__WHAT TO WORK ON__: From the records that follow, copy every line in which "with" appears.

__DATA SUPPLIED__:
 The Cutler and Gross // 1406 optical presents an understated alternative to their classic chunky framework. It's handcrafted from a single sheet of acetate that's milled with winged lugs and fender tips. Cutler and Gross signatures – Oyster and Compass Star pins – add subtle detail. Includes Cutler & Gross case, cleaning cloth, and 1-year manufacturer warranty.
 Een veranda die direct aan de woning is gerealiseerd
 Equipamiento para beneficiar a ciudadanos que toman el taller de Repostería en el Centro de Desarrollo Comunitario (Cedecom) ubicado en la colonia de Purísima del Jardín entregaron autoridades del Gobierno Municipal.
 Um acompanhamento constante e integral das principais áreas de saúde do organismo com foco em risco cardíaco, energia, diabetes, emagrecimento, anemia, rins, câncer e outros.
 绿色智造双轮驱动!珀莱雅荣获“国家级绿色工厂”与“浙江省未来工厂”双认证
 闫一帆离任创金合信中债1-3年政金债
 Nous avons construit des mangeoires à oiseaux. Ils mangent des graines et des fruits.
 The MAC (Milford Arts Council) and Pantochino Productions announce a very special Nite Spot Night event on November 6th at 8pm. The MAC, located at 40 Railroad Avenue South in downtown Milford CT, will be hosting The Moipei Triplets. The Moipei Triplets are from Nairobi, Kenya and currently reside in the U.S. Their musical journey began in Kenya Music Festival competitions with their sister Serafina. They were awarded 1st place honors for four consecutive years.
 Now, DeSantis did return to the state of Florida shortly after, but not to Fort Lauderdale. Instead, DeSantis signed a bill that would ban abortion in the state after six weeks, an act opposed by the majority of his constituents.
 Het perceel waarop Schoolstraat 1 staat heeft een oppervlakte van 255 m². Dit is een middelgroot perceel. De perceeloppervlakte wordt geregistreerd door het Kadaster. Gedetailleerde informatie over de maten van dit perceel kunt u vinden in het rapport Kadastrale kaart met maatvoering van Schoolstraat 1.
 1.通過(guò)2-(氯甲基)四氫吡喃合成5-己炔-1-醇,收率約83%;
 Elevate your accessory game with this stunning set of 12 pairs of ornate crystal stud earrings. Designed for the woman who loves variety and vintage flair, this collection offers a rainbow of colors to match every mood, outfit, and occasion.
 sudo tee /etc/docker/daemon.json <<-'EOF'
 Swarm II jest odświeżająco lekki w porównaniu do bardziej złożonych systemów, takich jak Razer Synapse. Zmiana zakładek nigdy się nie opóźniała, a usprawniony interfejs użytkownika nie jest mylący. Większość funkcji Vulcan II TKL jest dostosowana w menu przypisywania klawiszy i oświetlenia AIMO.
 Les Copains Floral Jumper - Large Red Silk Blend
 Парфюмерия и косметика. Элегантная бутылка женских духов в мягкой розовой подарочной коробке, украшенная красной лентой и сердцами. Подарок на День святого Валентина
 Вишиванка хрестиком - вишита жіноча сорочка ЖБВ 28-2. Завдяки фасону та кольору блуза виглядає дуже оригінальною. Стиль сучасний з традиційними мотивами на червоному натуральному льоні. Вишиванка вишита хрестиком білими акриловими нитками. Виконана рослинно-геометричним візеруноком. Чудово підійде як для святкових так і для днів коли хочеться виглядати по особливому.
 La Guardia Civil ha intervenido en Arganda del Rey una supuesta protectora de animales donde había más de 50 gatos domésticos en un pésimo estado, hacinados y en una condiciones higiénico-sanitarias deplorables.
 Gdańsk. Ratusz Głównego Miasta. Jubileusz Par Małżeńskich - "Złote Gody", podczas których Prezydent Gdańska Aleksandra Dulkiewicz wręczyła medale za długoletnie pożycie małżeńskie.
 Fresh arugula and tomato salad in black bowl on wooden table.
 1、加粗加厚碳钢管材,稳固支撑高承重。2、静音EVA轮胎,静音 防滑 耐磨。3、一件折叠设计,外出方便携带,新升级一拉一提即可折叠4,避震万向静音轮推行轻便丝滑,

__EXPECTED OUTPUT__:
 The Cutler and Gross // 1406 optical presents an understated alternative to their classic chunky framework. It's handcrafted from a single sheet of acetate that's milled with winged lugs and fender tips. Cutler and Gross signatures – Oyster and Compass Star pins – add subtle detail. Includes Cutler & Gross case, cleaning cloth, and 1-year manufacturer warranty.
 The MAC (Milford Arts Council) and Pantochino Productions announce a very special Nite Spot Night event on November 6th at 8pm. The MAC, located at 40 Railroad Avenue South in downtown Milford CT, will be hosting The Moipei Triplets. The Moipei Triplets are from Nairobi, Kenya and currently reside in the U.S. Their musical journey began in Kenya Music Festival competitions with their sister Serafina. They were awarded 1st place honors for four consecutive years.
 Elevate your accessory game with this stunning set of 12 pairs of ornate crystal stud earrings. Designed for the woman who loves variety and vintage flair, this collection offers a rainbow of colors to match every mood, outfit, and occasion.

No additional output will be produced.